Episode 5 – The Estey Organ Company: On Canal Street in Brattleboro are the remains of one of Vermont’s most influential companies. In the 19th and early 20th century people across the country—and the world—played music on reed organs made right here in the Green Mountain state. What is a reed organ? And why were they so popular in a bygone era? Dr. Dennis Waring recounts the story.

Episode 4 – Ben Thresher’s Mill: A few miles off the interstate, on the banks of the Stevens river in Barnet, Vermont is a bright yellow mill. The rooms are crammed full of old tools, machines, parts, and pieces of a bygone age. One man, Ben Thresher, kept the mill going into the 1990s. Stan Crane, and a team of volunteers, helps to keep this place alive today.

Episode 3 – The Old Country Fiddler: In the early 20th century one Vermonter found fame as a traveling musician, humorist, and recording artist. Charles Ross Taggart was at the height of his career in the early 1920s, touring the country and talking so much about Vermont he earned himself a nickname: the Man from Vermont. Across the country he shared his stories, music, and dialect with his fellow Americans, and helped preserve disappearing parts of the Green Mountain State’s culture. Historian and fiddler Adam Boyce brings Taggart to life.

Episode 2 – Barre, By God: In 1793 a town meeting was held in Wildersburg, Vermont. The only item on the agenda was renaming the young frontier town. Wildersburg was a mouthful. Two passionate contenders offered up the names of their home towns back in Massachusets—but neither would concede to the other. Victory in a brawl gave one of the men the right to name Barre, well, Barre. Librarian and community historian Paul Heller shares this curious incident.

Episode 1 – The Manchester Vampire: In 1793 the town of Manchester Center, then Meads Mill, was rocked by an other-worldly threat. A young woman was supposedly coming from beyond the grave to suck the life out of the living. It was a vampire panic—one of scores that rocked rural New England in the late 1700s and early 1800s. The frenzied family looked for answers and settled on an unconventional remedy. Was the young Rachel Burton really a vampire? or could science explain the deadly incident? Shawn Harrington from VT Folklife unravels the story of the Manchester Vampire.

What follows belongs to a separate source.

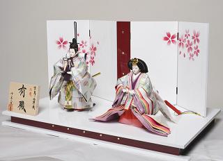正絹西陣織衣裳の流麗なお雛さまを、純白に桜蒔絵の屏風・台にセットした、古典美と現代アートのコラボレーションが見事に溶け込んだ逸品です。間口65×奥行38×高さ35cm

ABOUT THE PRODUCER: Kelby Greene (she/her) is a Norwich, Vermont based journalist and independent radio producer. Her work is about explaining the present through the past—looking for the precedents to seemingly unprecedented times. Rooted in a passion for rural places and their unique histories, she hopes to tell stories worth talking about: in the car, over dinner, and passing by the state’s hundreds of roadside markers.